↓
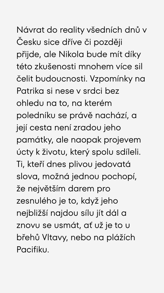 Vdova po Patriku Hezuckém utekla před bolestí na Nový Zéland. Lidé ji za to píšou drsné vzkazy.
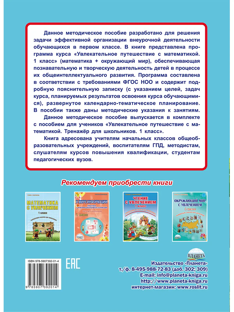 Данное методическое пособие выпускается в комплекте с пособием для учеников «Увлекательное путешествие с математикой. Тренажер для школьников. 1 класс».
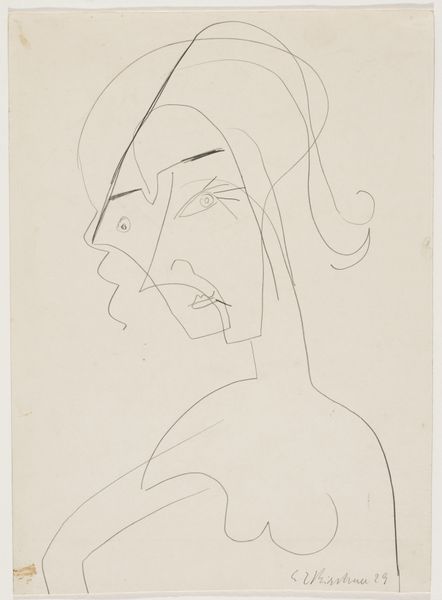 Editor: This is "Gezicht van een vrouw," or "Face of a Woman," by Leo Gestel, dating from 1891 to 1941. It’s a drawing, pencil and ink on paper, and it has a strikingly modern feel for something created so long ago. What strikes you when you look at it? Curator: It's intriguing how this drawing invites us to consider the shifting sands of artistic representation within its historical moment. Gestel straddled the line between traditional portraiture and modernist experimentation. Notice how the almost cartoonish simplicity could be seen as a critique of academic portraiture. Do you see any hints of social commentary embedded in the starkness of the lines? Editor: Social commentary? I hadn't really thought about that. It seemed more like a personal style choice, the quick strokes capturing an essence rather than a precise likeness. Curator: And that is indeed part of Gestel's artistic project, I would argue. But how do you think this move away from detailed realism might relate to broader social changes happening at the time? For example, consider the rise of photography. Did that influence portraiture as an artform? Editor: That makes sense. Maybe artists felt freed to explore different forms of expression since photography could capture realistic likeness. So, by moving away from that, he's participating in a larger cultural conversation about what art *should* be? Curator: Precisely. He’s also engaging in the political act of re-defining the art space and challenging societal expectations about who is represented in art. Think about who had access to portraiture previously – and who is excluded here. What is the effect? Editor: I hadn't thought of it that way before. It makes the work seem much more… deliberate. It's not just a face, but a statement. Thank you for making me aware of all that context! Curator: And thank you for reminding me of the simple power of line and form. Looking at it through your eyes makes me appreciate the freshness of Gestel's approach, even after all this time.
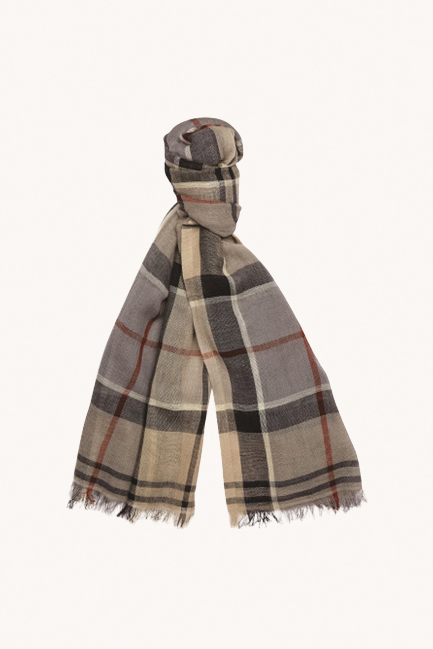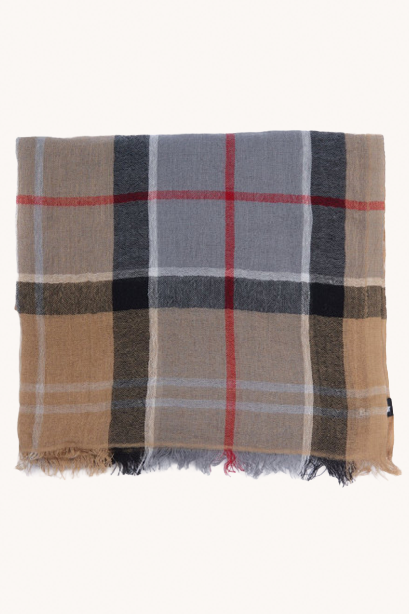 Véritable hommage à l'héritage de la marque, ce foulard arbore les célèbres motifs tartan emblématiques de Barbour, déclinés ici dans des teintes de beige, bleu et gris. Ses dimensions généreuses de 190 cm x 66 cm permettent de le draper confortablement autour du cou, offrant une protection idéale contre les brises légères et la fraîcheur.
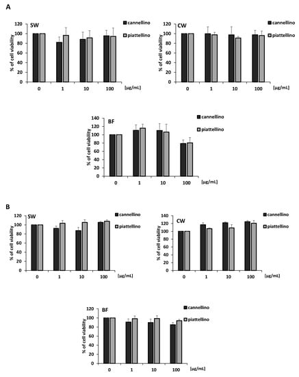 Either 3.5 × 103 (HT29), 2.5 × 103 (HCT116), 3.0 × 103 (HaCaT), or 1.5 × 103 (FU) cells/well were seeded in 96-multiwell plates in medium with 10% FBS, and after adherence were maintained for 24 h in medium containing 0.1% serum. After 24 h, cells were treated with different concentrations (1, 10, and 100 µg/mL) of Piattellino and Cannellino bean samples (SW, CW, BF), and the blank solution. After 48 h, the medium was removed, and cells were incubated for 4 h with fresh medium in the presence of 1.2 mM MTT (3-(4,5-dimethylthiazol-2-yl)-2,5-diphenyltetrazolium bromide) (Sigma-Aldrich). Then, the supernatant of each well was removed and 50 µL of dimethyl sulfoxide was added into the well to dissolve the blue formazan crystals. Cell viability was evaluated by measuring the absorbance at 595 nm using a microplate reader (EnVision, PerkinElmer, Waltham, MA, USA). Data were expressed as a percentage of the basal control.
↑
↓
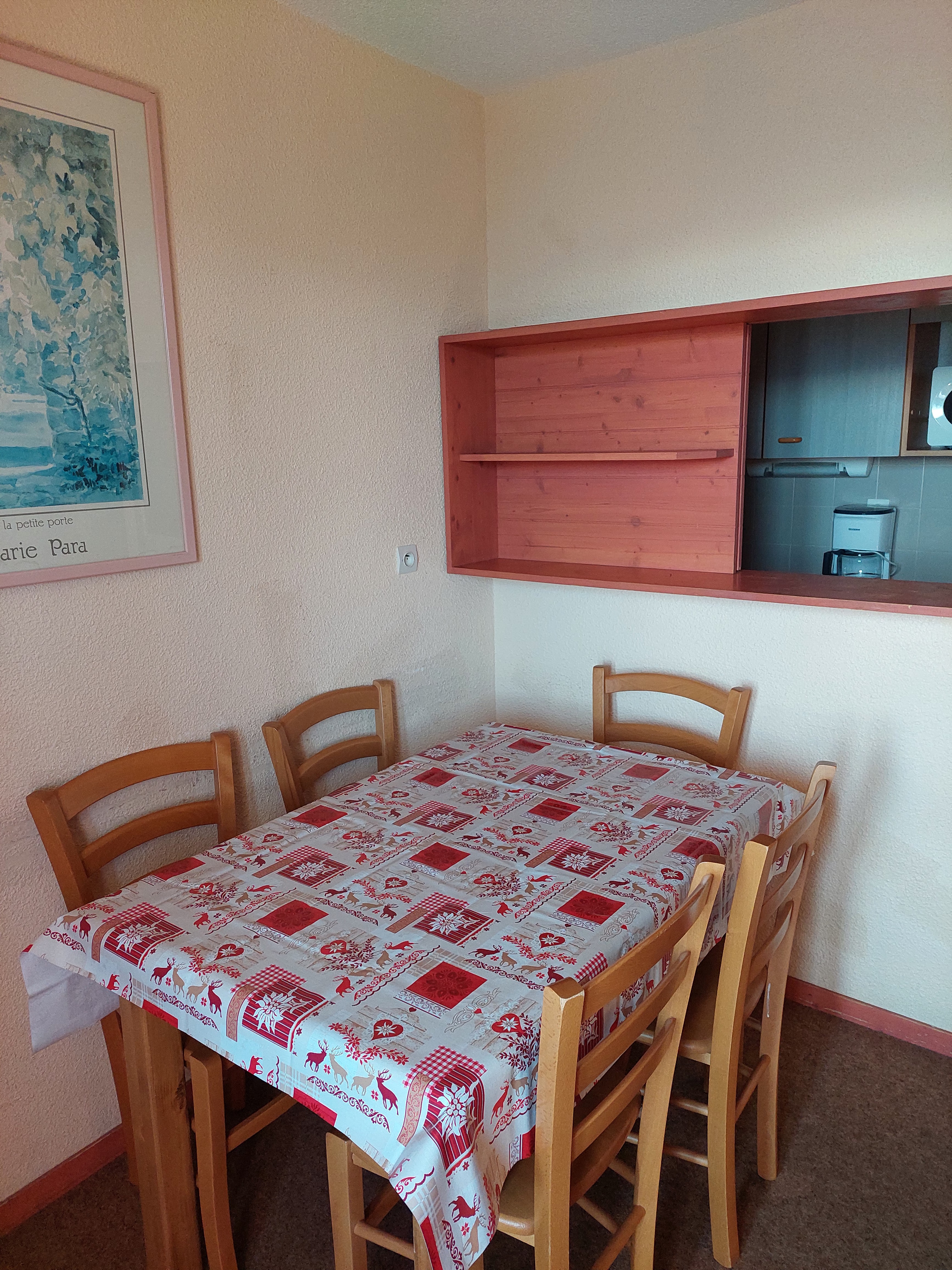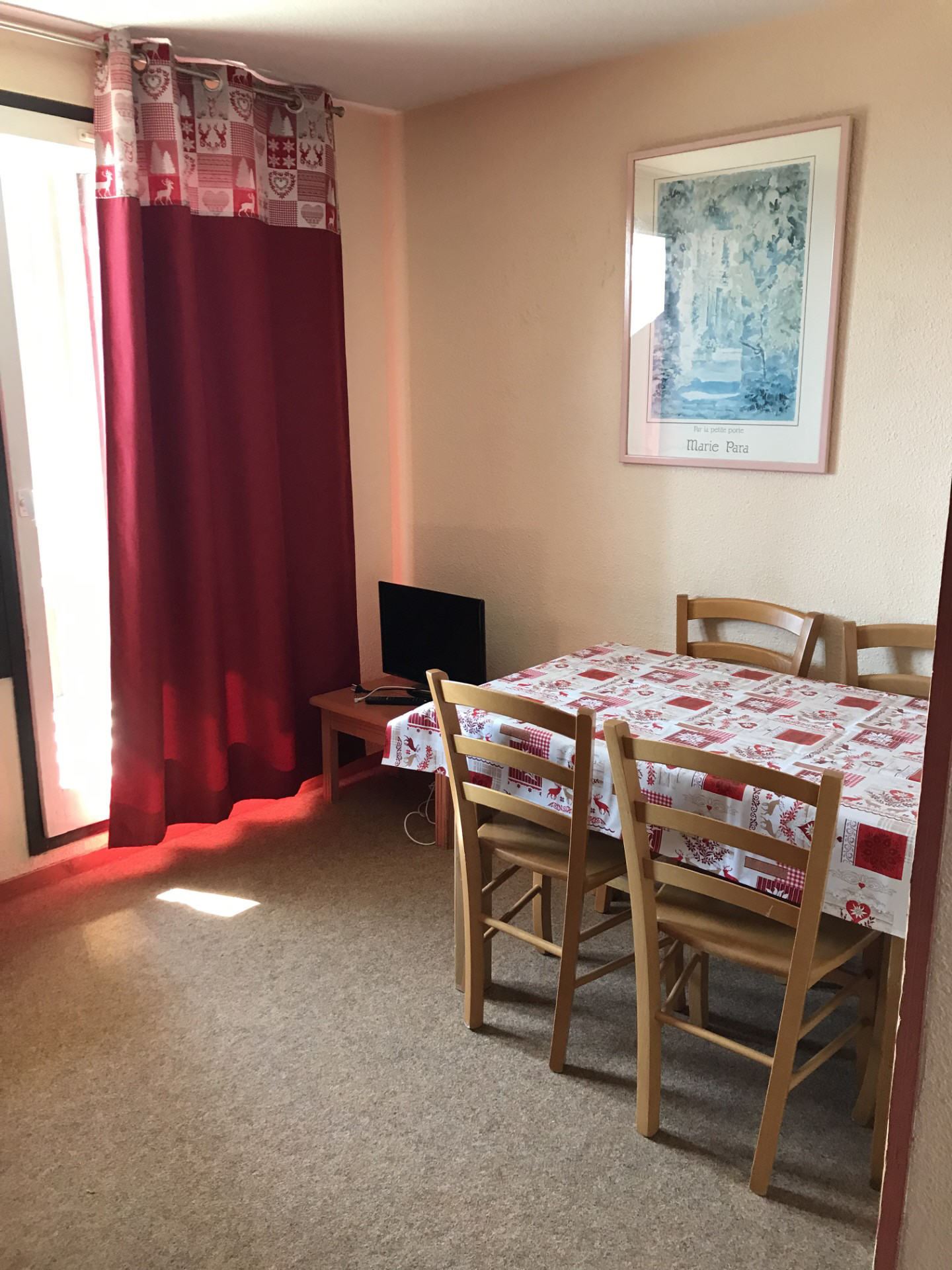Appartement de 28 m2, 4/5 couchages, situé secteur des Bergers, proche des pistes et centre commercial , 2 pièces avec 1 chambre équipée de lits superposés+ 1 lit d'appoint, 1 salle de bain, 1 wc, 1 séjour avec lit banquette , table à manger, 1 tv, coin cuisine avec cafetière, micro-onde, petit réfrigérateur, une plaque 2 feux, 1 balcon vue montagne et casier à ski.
↑
#### What you are asked to do
Set the pictures aside and transcribe exactly the stretch of lines above, beginning with the one holding "Vdova po Patriku" and ending with the one holding "Данное методическое пособие".

#### Answer space
 Vdova po Patriku Hezuckém utekla před bolestí na Nový Zéland. Lidé ji za to píšou drsné vzkazy.
 Данное методическое пособие выпускается в комплекте с пособием для учеников «Увлекательное путешествие с математикой. Тренажер для школьников. 1 класс».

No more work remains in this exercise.